The goal of pointing this all out is not, God forbid, to downplay the importance in Judaism of maintaining one’s health. Surely, as we are hopefully emerging from a global pandemic, I do not want anyone to come away from this article thinking that I am advocating for the Halakhah to be less strict with regard to our physical safety. Rather, my goal is to emphasize the significance of logic as the source of this importance. As we see from Rambam, and most contemporary poskim, not everything God expects of us can be subsumed under a specific mitzvah. God also expects us to use our heads, and figure out for ourselves what we need to do in order best to serve Him. This message has the potential to speak even more powerfully to the children in the elementary schools as to the importance of maintaining one’s health than two verses in Deuteronomy.
 The Hebrew word nefesh can be translated in the Torah as either body or soul. To preserve that ambiguity, I will simply leave the word untranslated as nefesh.
 For an overview of contemporary scholarship about Talmudic dialogues between rabbis and non-Jews, see Sarit Kattan Gribetz and Moulie Vidas, “Rabbis and Others in Conversation,” Jewish Studies Quarterly 19:2 (2012): 91-103, and the articles they cite there.
 The only other mention in the Talmud of this verse is Shevu’ot 36a, which cites it as a source for the prohibition against cursing oneself. There, Tosafot s.v. U-shemor Nafshekha Me’od understand this as being related to the prohibition against causing bodily harm, though they express astonishment that the Gemara would bring this verse to prohibit cursing oneself and never bring it to prohibit injuring oneself. However, see Hatam Sofer ad loc. s.v. U-shemor Nafshekha who interprets that Gemara in a way that does not at all relate to a prohibition against causing bodily harm.
 Prominent medieval works that do not include any reference to either of these verses in the context of not causing bodily harm include, but are not limited to, Sefer Mitzvot Gadol, Sefer Mitzvot Katan, Orhot Haim, Torat Ha-adam, Sefer Ha-hinukh, Sefer Hasidim, Abudraham, and Kol Bo.
 See also Shu”t Ha-rashba, siman 1, who cites it in a very similar context to Rambam.
 This and all subsequent translations are my own.
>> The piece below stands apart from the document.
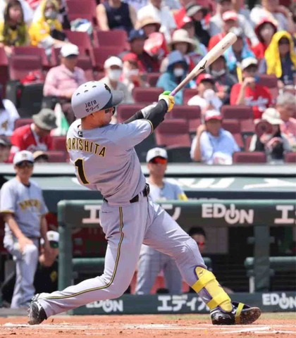 阪神・森下翔太外野手が初回に先制8号2ランを放った。先頭の近本が四球を選んで、1死二塁で迎えた打席。カウント1-1から広島先発・森の133キロチェンジアップにバットを振り抜くと、高々と舞い上がった打球は左翼スタンドの上段席に飛び込んだ。ダイヤモンドを一周すると、パンと手をたたいてホームイン。5月20日・巨人戦(甲子園)以来、11試合ぶりのアーチとなった。

 See Shabbat 40b, Yevamot 52a, Ketubot 45b, Nazir 23a, Menahot 70a, and Hullin 141b for examples of the use of “lashes for rebelliousness.”
 See Jonathan Ziring “‘Eat, Drink, and be Merry, for Tomorrow We Die’: Is There an Obligation to Maintain Good Health?” Verapo Yerape 4 (2012): 184, n. 56, where he makes note of this difference (in my name), but is not convinced of its significance.
 The lashes cannot be for the violation of the negative command of, “Do not cause blood to be spilled,” because, as Rambam says in Halakhah 3 of this same chapter, it is a prohibition that does not contain an action. Additionally, had he been referring to lashes for the violation of a Biblical negative commandment, he would not have used the phrase “lashes for rebelliousness.”
 The bracketed phrase appears in the Vilna printing of the Mishneh Torah. However, see the notes in the Frankel edition, where it is indicated that it is absent from most manuscripts.
 Kitzur Shulhan Arukh 32:1.
 See, for example Y.L. Maimon’s introduction to Kitzur Shulhan Arukh (Jerusalem: Mossad Harav Kook, 1987), 13-14.
 Iggrot Moshe Hoshen Mishpat 2:76.
 See Yabia Omer Yoreh Deah 1:8 et al.
 See Minhat Yitzhak 8:148.
 See Tzitz Eliezer 8:15.7, 9:17.4, 9:17.5, 10:25.7, 10:25.21, 12:43, 15:37, 17:8, and 21:8.
 This article only addressed one aspect of the halakhic obligation towards one’s health; for a full treatment of the issue, including other halakhic principles that are at play in this discussion, see Jonathan Ziring “‘Eat, Drink, and be Merry, for Tomorrow We Die’: Is There an Obligation to Maintain Good Health?” Verapo Yerape 4 (2012): 172-192.